Depuis le 30 septembre dernier, Marine Le Pen partage son temps hebdomadaire entre les bancs de l’Assemblée nationale et ceux… de ses coaccusés au procès des assistants parlementaires « fictifs » du Front national (le parti qui a donné le RN) au Parlement européen entre 2004 et 2016. Elle y encourt jusqu’à dix ans d’emprisonnement, un million d’euros d’amende et cinq ans d’inéligibilité. Au total, vingt-sept dirigeants du parti sont poursuivis pour détournement de fonds publics (autour de 7 millions d’euros). Ça la fiche mal pour tous ces leaders d’extrême droite, toujours prompts à dénoncer « la corruption des élites » et « la gabegie financière », mais toujours prêts en réalité à tirer le meilleur parti des mannes financières offertes par la démocratie parlementaire bourgeoise.
Le vieux facho Le Pen père a réussi à se faire exempter des audiences pour « raisons médicales »… mais par contre son ancien majordome (si, si) a dû venir expliquer son salaire de 87 000 euros versé par le Parlement européen, qui n’avait pas grand-chose à voir avec la mission d’assistant parlementaire…
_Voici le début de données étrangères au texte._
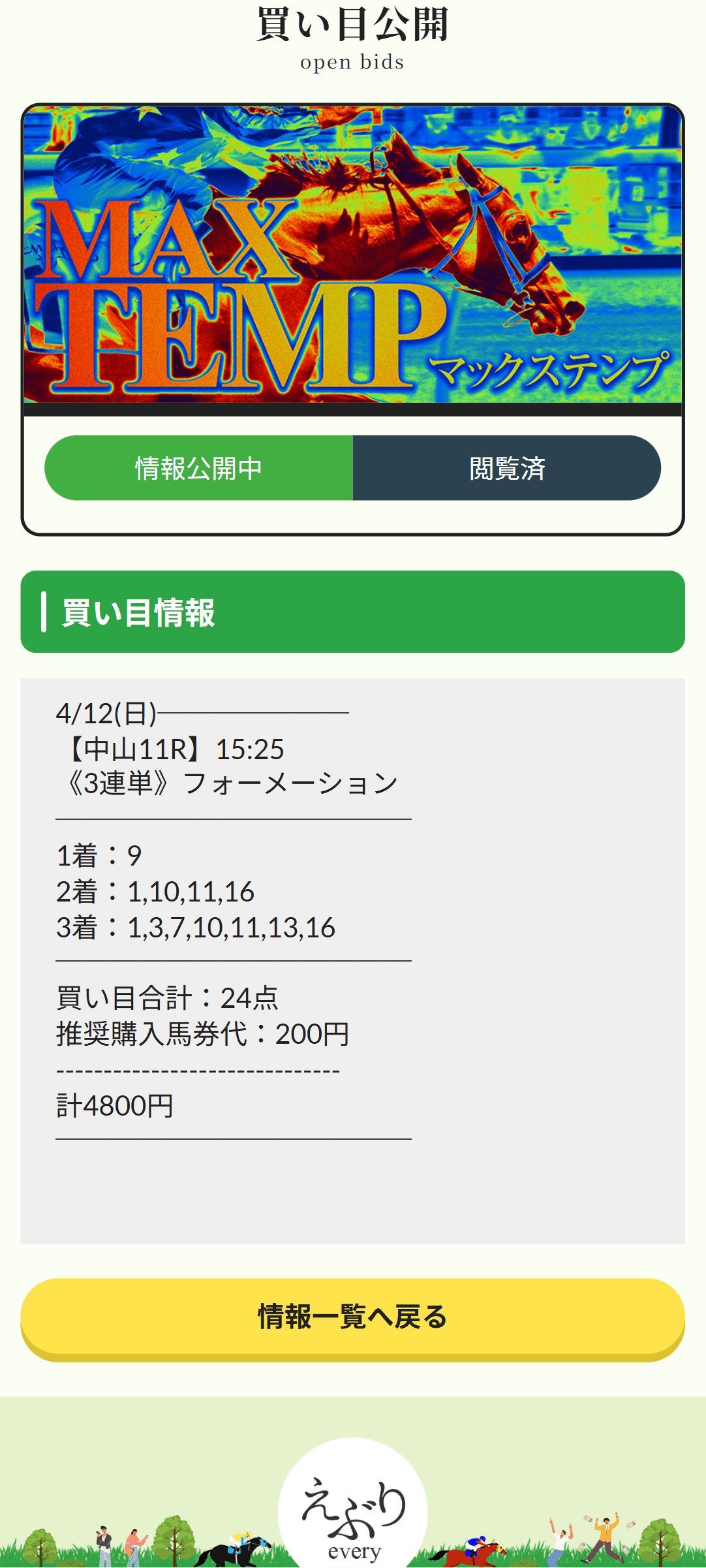 正直、えぶりのマックステンプはこの5本の中でもいちばん「買い目のセンス」を感じました。4月12日の中山11R・春雷Sで、1着固定にしていた9番クラスペディアがそのまま押し切り。しかも2着には後方から上がり33.0で突っ込んだ16番、3着には9番手追走から伸びた7番まで入って、着順は9→16→7。3連単は1,348,970円だったので、推奨通り1点200円で入っていた自分は4,800円が2,697,940円になりました。5人気の9番を頭で決め打ちしながら、人気薄の16番を2列目、差し込みの7番を3列目で拾っているのが本当にうまいです。

Le RN espère étouffer ce buzz médiatique inconfortable par un autre buzz à son avantage : apparaître, grâce à « sa niche parlementaire »1 du 31 octobre, comme le premier parti à déposer un projet de loi permettant de revenir au départ à la retraite à 62 ans et non à 64 comme l’ont imposé Macron et Borne. Dans l’exposé des motifs de la loi déposée, on peut lire que les choix politiques pour préserver le système de retraites « pourront être effectués lorsque le Rassemblement national accédera au pouvoir et sera en mesure de mettre en place la réforme globale qu’il propose depuis plusieurs années ». Rappelons que souvent le RN varie sur le sujet des retraites : « 60 ans pour tous » (Le Pen en 2017), « 60 ans pour ceux qui ont commencé à travailler avant 20 ans » (Le Pen en 2022), « abroger les 64 ans » (Thomas Ménagé, député RN, le 10 juin 2024), « ce sera compliqué d’abroger » (Bardella… le 11 juin 2024 !). Plus le RN s’approche de la possibilité d’accéder au gouvernement, plus l’âge du départ à la retraite qu’il préconise recule.
Alors, bien naïfs seraient ceux qui penseraient le RN sincère sur ce coup-là ! C’est encore un énième plan « com » bien huilé, comme aime les concocter ce parti qui se moque bien du départ à la retraite à 64 ans… car pour que son projet de loi puisse continuer à suivre le bon chemin législatif, il lui faudrait un groupe au Sénat, ce qu’il n’a absolument pas.
Par contre, évidemment, il met les députés du Nouveau Front populaire en porte-à-faux, et ils se sont d’ailleurs divisés entre eux sur l’attitude à adopter, ce qui était un des buts de la manœuvre du RN. Un site Internet estampillé RN a d’ores et déjà été mis en ligne pour permettre à qui le veut bien d’interpeller son député à ce sujet…
Bref, si on vous demande ce qu’il faut voter, répondez : la grève ! Et jusqu’à satisfaction : pour commencer, le retour de la retraite à 60 ans et aux 37,5 années de cotisation.
29 octobre 2024, Marie Darouen
1 Il s’agit du droit de chaque groupe parlementaire de fixer un jour par mois l’ordre du jour de l’Assemblée.